Ben was lost somewhere in thought or memory. Mark didn't understand that, but he did know that most people had trouble with doing things and sometimes even more trouble with letting those necessary things be right. Ben had still got them out of there, but it wasn't the Ben he had known before. Well hell, he thought, neither was Darlene.


Despite the sorrow, grief that everyone had been moving through and under for the last three days Mark did notice the work on the front of the overhang. On the first night they had simply thrown sleeping bags on the slope leading up to the rear of the overhang. It was damp there but drier than further out. The southwest facing exposure had kept the light rain off of them and they had fallen into the bags and slept.


Now, with three days work there was debris from the clear cut completely obscuring the overhang, the slope had been flattened to the back, creating a thirty foot long shallow cave of about ten feet.
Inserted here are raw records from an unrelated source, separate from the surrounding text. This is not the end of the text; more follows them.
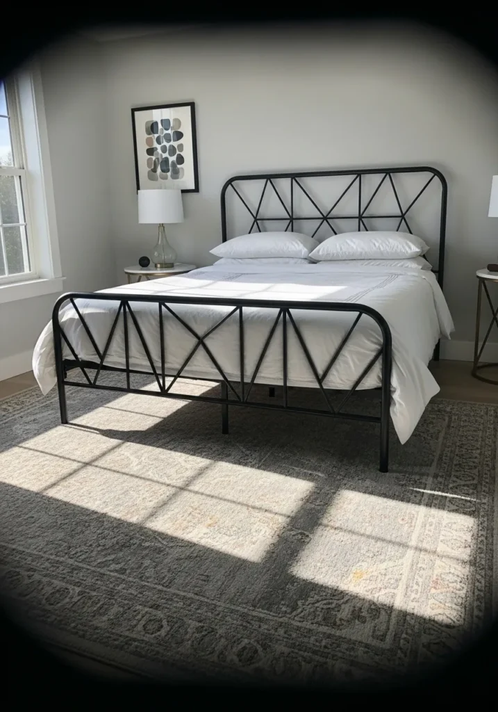 This bedroom showcases a bold black metal bed frame with a geometric crisscross design that instantly adds visual interest. The structured pattern feels strong and intentional while the slim frame keeps the room light and open. Crisp white bedding softens the look and lets the metalwork stand out without feeling busy. Natural light pours in through the window and casts gentle shadows that highlight the lines of the frame and the subtle texture of the rug.
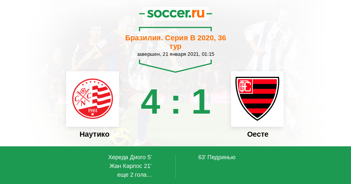21' (2:0) Жан Карлос (10) (Эрик (33))
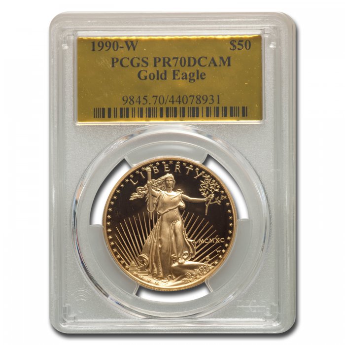 The Gold American Eagle features a classic design and contains 1 oz of Gold, making it among the most popular Gold coins in the world. This example has been guaranteed to be in perfect 70 condition by PCGS, a top coin grading service.
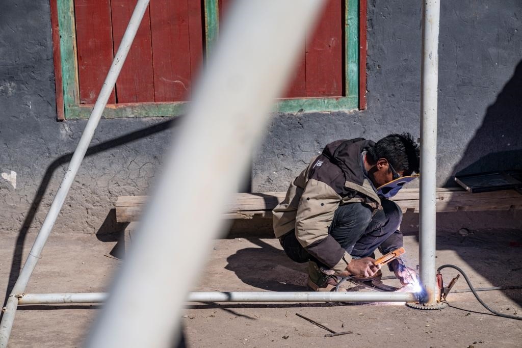 等待焊接的一會兒工夫,村里的孩子們也要跑來和嘎瑪群美踢兩腳
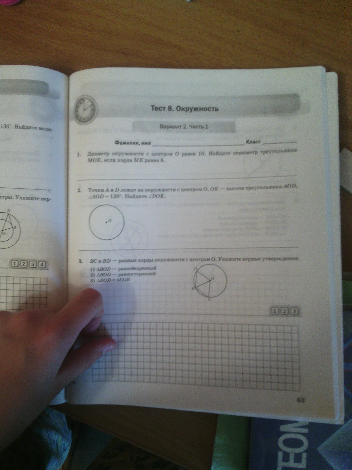 2) треугольник код равнобедренный, т.к. ао=од (радиусы). следовательно высота треугольника ОК делит угол пополам. угол код=60°
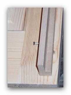 Las dos longitudes que pegados y atornillados juntos formar un carril en forma de "L" o el corredor una vez que el pegamento fue set perforé una serie de orificios a través de ambos tramos - se utilizan para fijar el riel de la puerta utilizando tornillos pequeños
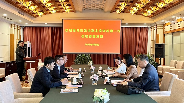 4月4日,青岛市政协副主席李苏满、经济工作办公室主任傅琦、港澳台侨和外事工作办公室三级调研员李博莅临青建走访调研。国清集团董事长王从远、总裁吴书义、总工程师王胜参加调研。
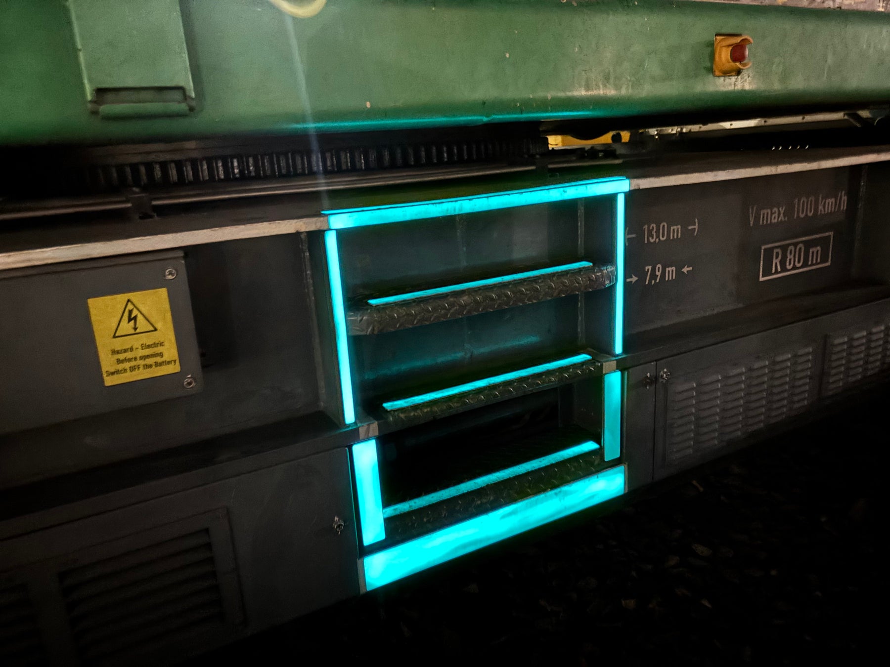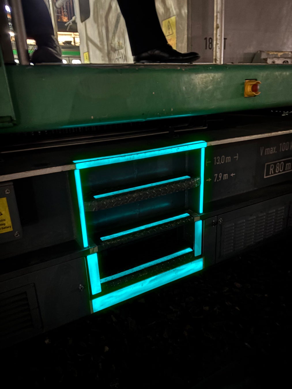 鉄道インフラの維持管理では、終電後から始発前にかけて多くの保守作業が行われます。これらの作業は暗所環境下で実施されることが多く、設備構造の視認性確保が安全管理上の重要な課題となっています。鉄道工事に活用される鉄道クレーン車では、夜間作業時に梯子や段差の位置が視認しづらく、乗り込み時の踏み外しや転倒といった作業リスクが存在しています。
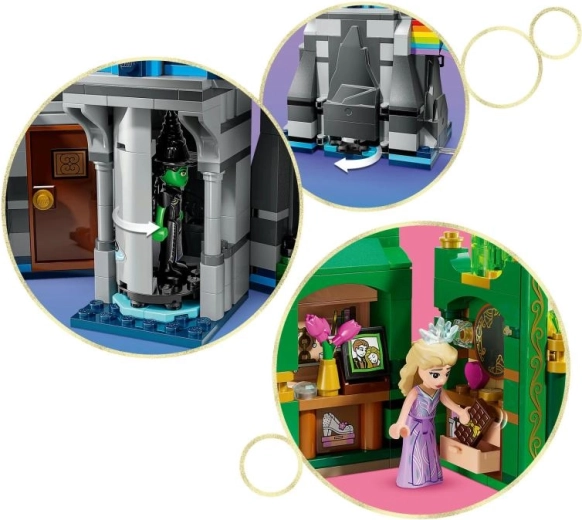 Descoperiți locații iconice WICKED într-un singur pachet: elegantul Oraș de Smarald cu cameră stilată și harta ascunsă a ținutului Oz, și castelul întunecat Kiamo Ko cu mecanism rotativ și ascunzătoare secretă pentru Elphaba. Podul curcubeu din cărămizi le permite copiilor să-și spună propriile povești și să expună setul ca un accesoriu de design pentru cameră.

Fir trees grew tight to the southern end of the overhang and below a fire pit had been built of rock, and as long as they kept the fire hot, there was little smoke and what there was was dispersed in the branches of the trees.


Good idea on the fire Ben.”


Darlene had removed the rear tarp of the truck and was picking through the last load from the, the, killing park. That was how she thought of it.


You could do one more load, there are still things you didn't bring,” she said without rancor.


Ben came around and put a hand on her shoulder, you flinched away from him. He shrugged and stepped away from her. She had not looked straight at him since the killings.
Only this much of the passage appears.